Multivariate survival analyses

To assess the prognostic utility of all the variables, the interactive effects of all studied types of CAs and TL together in association with baseline and disease characteristics were explored using a CART analysis. Covariates used in the CART were baseline and clinicopathological factors, specifically age, sex, family history of cancer, smoking status, TNM stage, histopathological grade, histological classification, tumor location, type of subsequent therapy received and the presence of hormonal receptors in breast tumors, in addition to all types of CAs and TL. The first split at the top of the tree denote the prognostic factor with the highest statistical significance. TNM stage was found to be the first parameter to split from the tree for predicting both OS (Fig. 1) and RFS (Fig. 2) in patients with BC and CRC, whereas the laterality of tumor was found to be the point of first split in patients with LC.

Figure 1. OS classification and regression trees. Classification and regression trees represent the results of multivariate survival analyses of patients with (A) BC, (B) CRC and (C) LC, generated using the Cox regression hazard model. Numbers under each node represent the total number of cases in a particular subcategory/number of events. Percentages below indicate the proportion of patients who survived after 5 years. BC, breast cancer; CRC, colorectal cancer; CTAs, chromatid-type aberrations; LC, lung cancer patients; OS, overall survival; TNM, tumor-node-metastasis.

Figure 2. RFS classification and regression trees.

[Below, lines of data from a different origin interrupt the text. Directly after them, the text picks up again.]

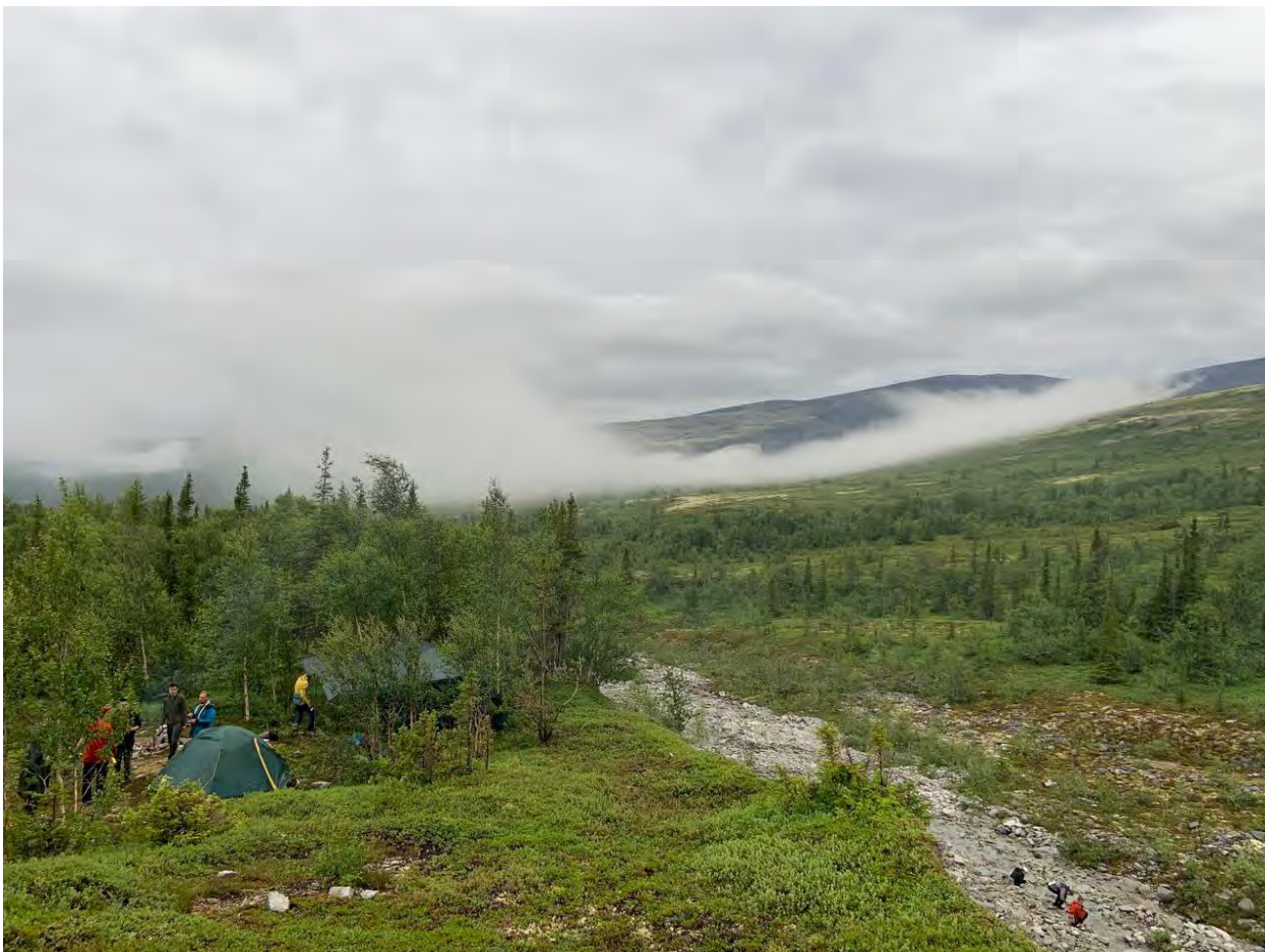
Фото 28 Вид на стоянку близ перевала Эвеслогчорр. Вид на долину ручья Шумный
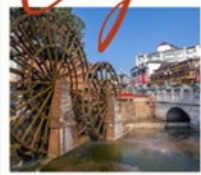
เมืองโบราณลี้เจียง
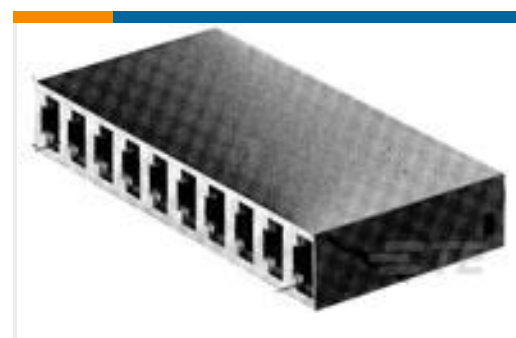
TE 产品编号87159-8 08 MODI CRMP S-I HSG SR .156CL
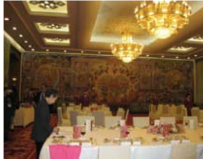
我們在人民大會堂西藏廳午膳
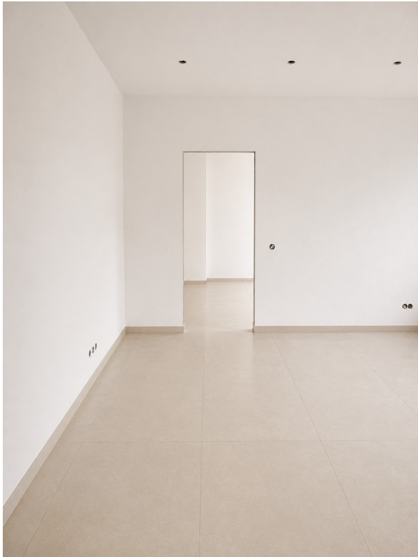
WE 2: Wohnbereich
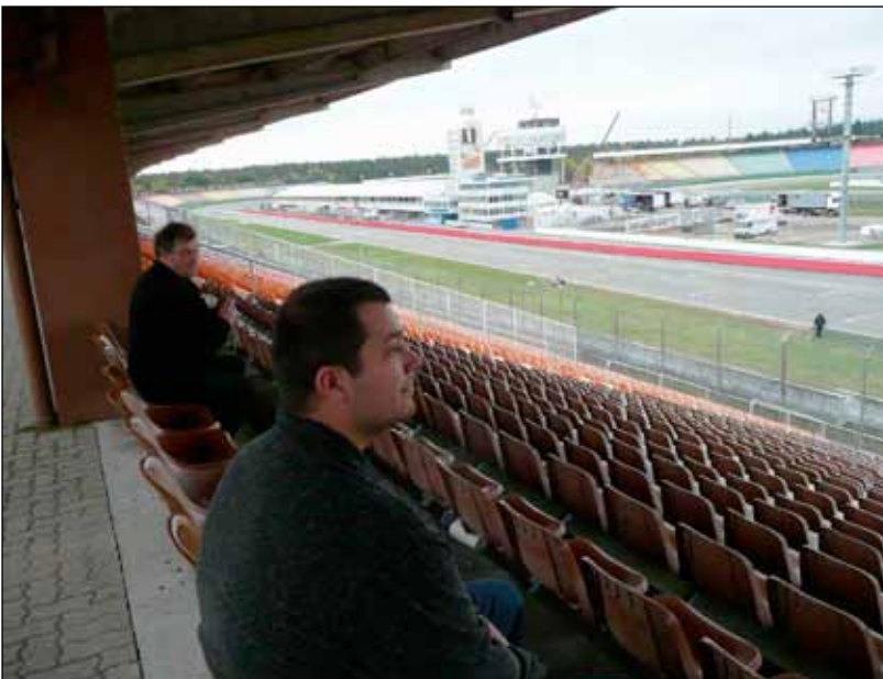
Hockenheim Ring oli hiljainen

Classification and regression trees represent the results of multivariate survival analysis of patients with (A) BC, (B) CRC and (C) LC, generated using the Cox regression hazard model. Numbers under each node represent the total number of cases in a particular subcategory/number of events. Percentages below indicate the proportion of patients who survived after 5 years. BC, breast cancer; CRC, colorectal cancer; CSAs, chromosome-type aberrations; LC, lung cancer; RFS, recurrence-free survival; TNM, tumor-node-metastasis.

In patients with BC, additional factors apart from TNM stage were also revealed to serve key prognostic roles in predicting both OS and RFS. Among the variables found to be key determinants of the OS tree structure in patients with BC were progesterone receptors (PRs), histopathological grade, age and CTAs (Fig. 1A). Among TNM stages 0 + I + II + III, the next split revealed an interaction between PR positivity (positive vs. negative, 94.9 vs. 85.4%) and histopathological grade (grades 1+2 vs. grades 3+4, 98.5 vs. 86.7%). Subsequently, patients with grade 1+2 BC would display better OS if they were aged >48 years (>48 years vs. <48 years, 100 vs. 90%). By contrast, patients with grade 3+4 BC would exhibit superior OS provided their levels of CTAs were <2 (0–2 vs. 3–7, 95 vs. 70%). In terms of RFS, patients with BC were subsequently divided into two categories after the initial split – TNM stage 0 + I + II and TNM III + IV (Fig. 2A). In the TNM 0 + I + II group, the subsequent split was again found to be PR positivity/negativity (positive vs. negative, 94.3 vs. 65.1%), which interacted with human epidermal growth factor receptor 2 (Her2/neu or ErbB2) positivity/negativity. The prognosis of patients with BC negative for PRs was improved by the presence of Her2 receptors (positive vs. negative, 87.5 vs. 50%). Similarly, this was the case in patients with BC positive for PRs, where the next most statistically significant factor for predicted RFS was the presence of Her2 receptors (positive vs. negative, 100 vs. 88.8%). Following stratification for PR positivity, RFS of patients with BC negative for Her2 was then found to be influenced by age (<64 vs. >64 years, 90.8 vs. 83.3%). In addition, patients with BC aged <64 years demonstrated CSA frequency as the terminal node of the CART analysis for RFS. Patients with BC without observable CSAs displayed worse prognosis (0 vs. 1–4, 72.7 vs. 100%).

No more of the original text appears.